One thing I'd add weight to: your git-history point is the one people underestimate most. Deleting a key from history doesn't un-leak it. Anyone who cloned or forked between the commit and the cleanup still has it, and bots scrape new public repos for live keys within minutes. So the rule isn't "scrub history," it's "rotate the key, then scrub" — treat any key that ever touched a commit as already burned.
Small note on the in-memory rate limiter: since the Map resets on restart, a crash-loop (or an attacker who can trigger restarts) quietly resets everyone's bucket to zero. Totally fine for a single hobby node, just worth knowing the failure mode before it goes anywhere real.

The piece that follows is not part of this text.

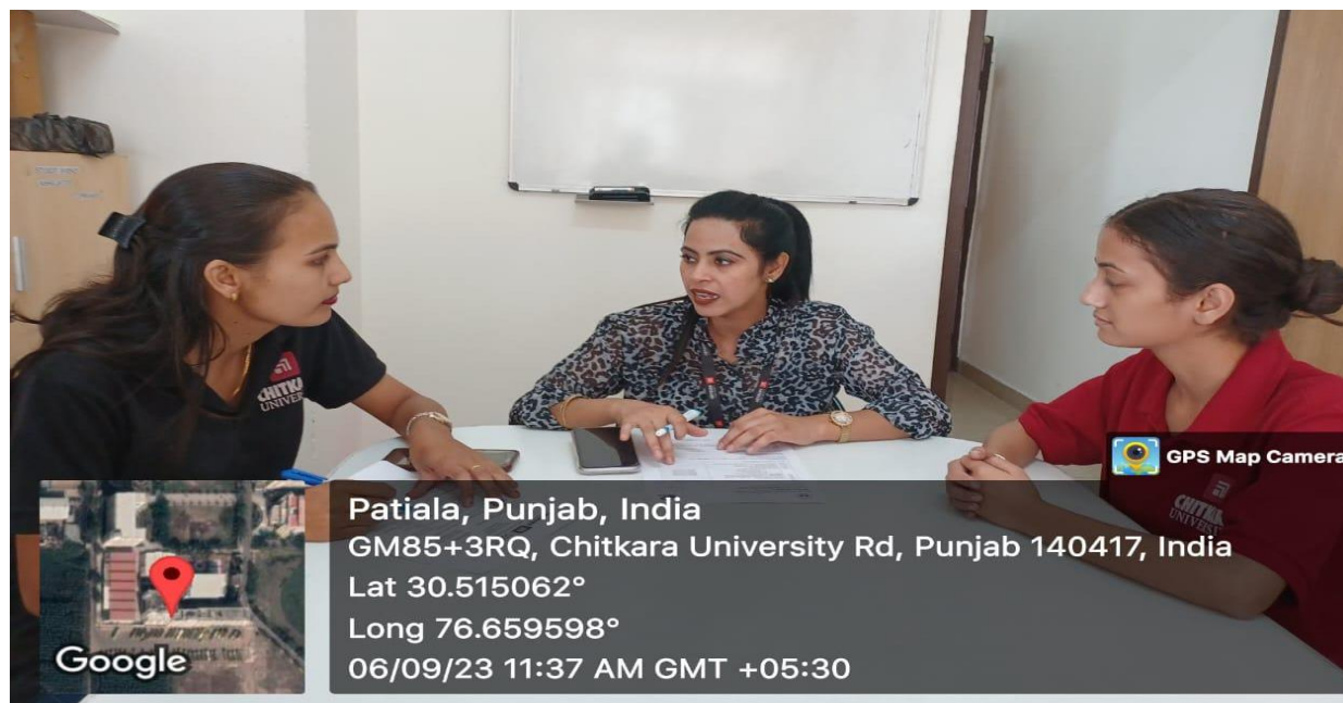
Radio Talk on Postnatal Diet on 6 th Sep, 2023

The committed-credential thing is easily the most common issue I run into as well. When we scan public MCP and agent servers at mcpsafe.io, a key sitting in source or history is consistently near the top of what turns up across the servers we look at. Your instinct to read your own backend "like a stranger would" is exactly the right move, and almost nobody actually does it.